I grew up in Louisville, Ky., and my father and mother started taking me to what they called the “hardtop” races at the Jeffersonville (Ind.) Sportsdrome when I was 10 years old – in 1949. I was hooked from the start. Those hardtops were mostly 1939 and ’40 Fords and Mercurys, with an occasional ’39 Hudson tossed in, and the racing was fantastic.
One night I was walking behind the grandstands with Dad as we headed for the concession stand, and a guy came up and grabbed me by the shoulder, and asked if I’d like to make a few bucks selling newspapers. He said I’d get a nickel a paper, and he’d give Dad the money for my ticket. There are times over the last 50 years or so when I’ve thought, “If I’d just told that guy ‘No’ I wouldn’t be in this mess.” However, over the long run I’ve had no reason to regret it. The people I’ve met in racing have become the best friends I have, and just about everything good that’s happened to me has happened because I was involved in racing.
Back on the original story, I sold 100 copies of National Speed Sport News that night and made $5.00. This wasn’t a paltry sum for a 10-year-old in 1949. Every week, I was back, doing the same thing and even continuing through the next year. The third year, the guy who had the NSSN “franchise” moved away and nobody stepped up to take it. I figured it was worth a try, and I put in a call to their headquarters in Ridgewood, N.J. (after promising my mother that I’d pay for the call). The circulation guy told me that they’d be glad to work with me, and pointed out that I’d make a dime a copy (the paper was only a quarter then), since they sold it to franchisees for 15 cents a copy.
Hot Dang!

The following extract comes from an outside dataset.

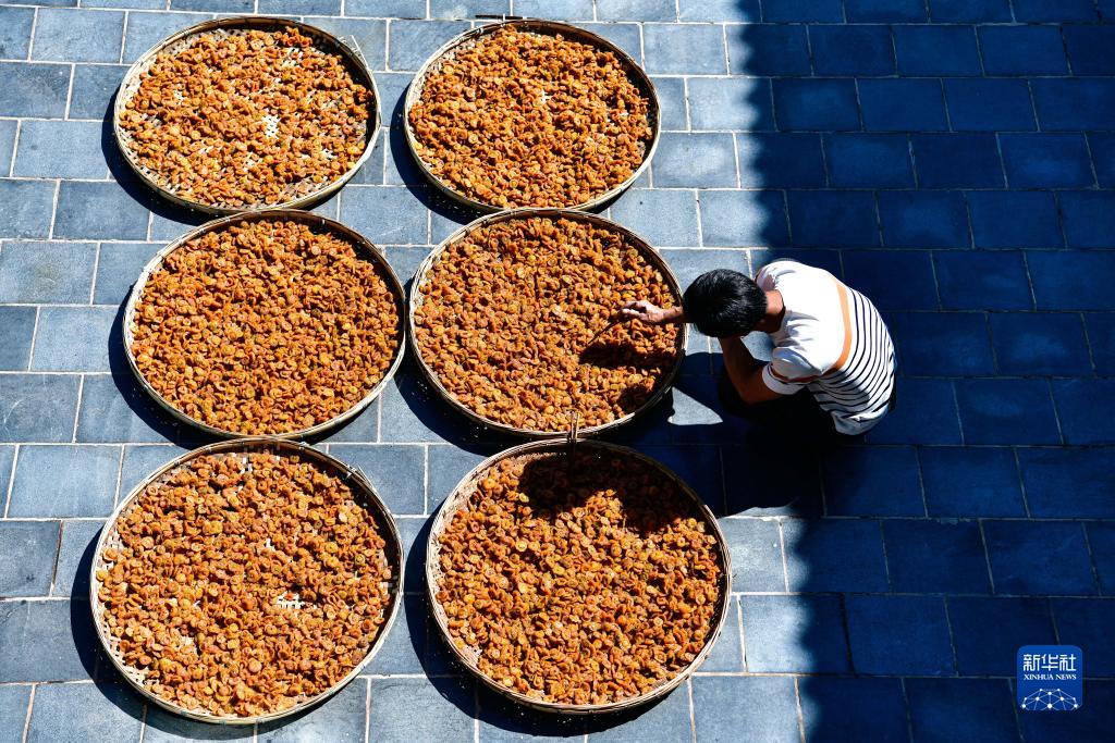 农民在贵州省龙里县谷脚镇茶香村一家刺梨专业合作社晾晒刺梨果脯(9月1日摄)。

I was stepping in high cotton that season.
That went along pretty well, and soon I had another job, this one paying only in experience. Chris Economaki called and told me the guy who handled the paper sales was supposed to send in a story on the races. Here I was, 13 years old, and he wants me to write racing stories. He said if I’d just write what I saw, he’d handle the editing of the stories for me.

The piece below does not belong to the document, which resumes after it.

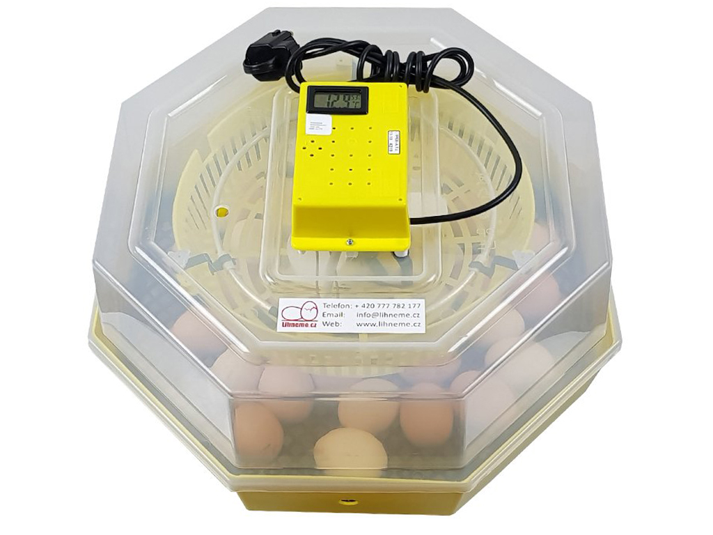 Líheň na vejce vhodná k líhnutí vodní a hrabavé drůbeže - pro kuřata, křepelky, kachny, krůty, husy a bažanty. S manuálním (ručním) otáčením až 60ks slepičích vajec - možnost přikoupit otočný rošt, s regulací teploty od 35 do 40°C, s manuální regulací vlhkosti, s teploměrem a s vlhkoměrem.

And that was the beginning of my writing career. This continued until I graduated from high school and went into the Air Force, then resumed when I came out in 1960, helped build the Fairgrounds Motor Speedway in Louisville and took over the sales of the paper there. Before too long, they asked me to try flagging, and it took a few seconds to make up my mind since it was something I had always wanted to do. From there on, I flagged there and at various other tracks. In 1963, John Marcum hired me to flag some ARCA races, and when ASA was organized in 1972, I began flagging their races and serving in any other capacity needed.
For most of this time my “real” job was as a newspaper editor for a weekly in Salem, Ind. and Scottsburg, Ind. In 1985, NHRA hired me as news director at IRP with Bob Daniels, then the general manager, planning to lean on my oval experience. In turn, he helped me learn drag racing and road racing.
In the fall of 2000, NHRA decided I was to be the next victim of a downsizing move, and I went into retirement until 2002. I answered an ad in NSSN for a manager’s job at I-75 Speedway near Mt. Vernon, Ky. the first year Jonathan Smith of Chicago owned it, but he hired someone else. In the middle of the first full year of operation, 2002, Jonathan purchased the Corbin track because it was cutting into his car and crowd count, and he decided that Mike couldn’t handle the PR for both tracks at the same time and contacted me. When I got there, I started doing all kinds of work, scoring when needed, announcing, keeping the website updated, keeping track of points standings, just anything that needed done.
We were getting ready for 2003 when Jonathan decided in March or April that he wanted to chuck the whole deal. Mike took off and went back to Illinois, and I asked Jonathan to bear with me for a month and let me try to sell one of the tracks. He told me would, although he figured I wouldn’t be able to sell either one.
Along came John E. Davis, a resident of Knoxville who knew me from the early ’80s when I was helping Andy Vertrees at a short track in Charlestown, Ind., and who had run a small track at the Salem, Ind. fairgrounds for a couple of years. He said it had always been his dream to own a racetrack, so we started talking. It took a while to get it done, but we got it done and John asked me to stay on with him. Jonathan wanted to know how I managed to fit in and be accepted by all these people down here after I had been living in Indianapolis for almost 20 years, and working for NHRA at Indianapolis Raceway Park for 15 years.
So I’m still here, living in London, helping at Corbin and writing, and now here comes Tom Bowles wanting me to write some more.
Hang on folks, this might be a wild ride when I start digging out old stories.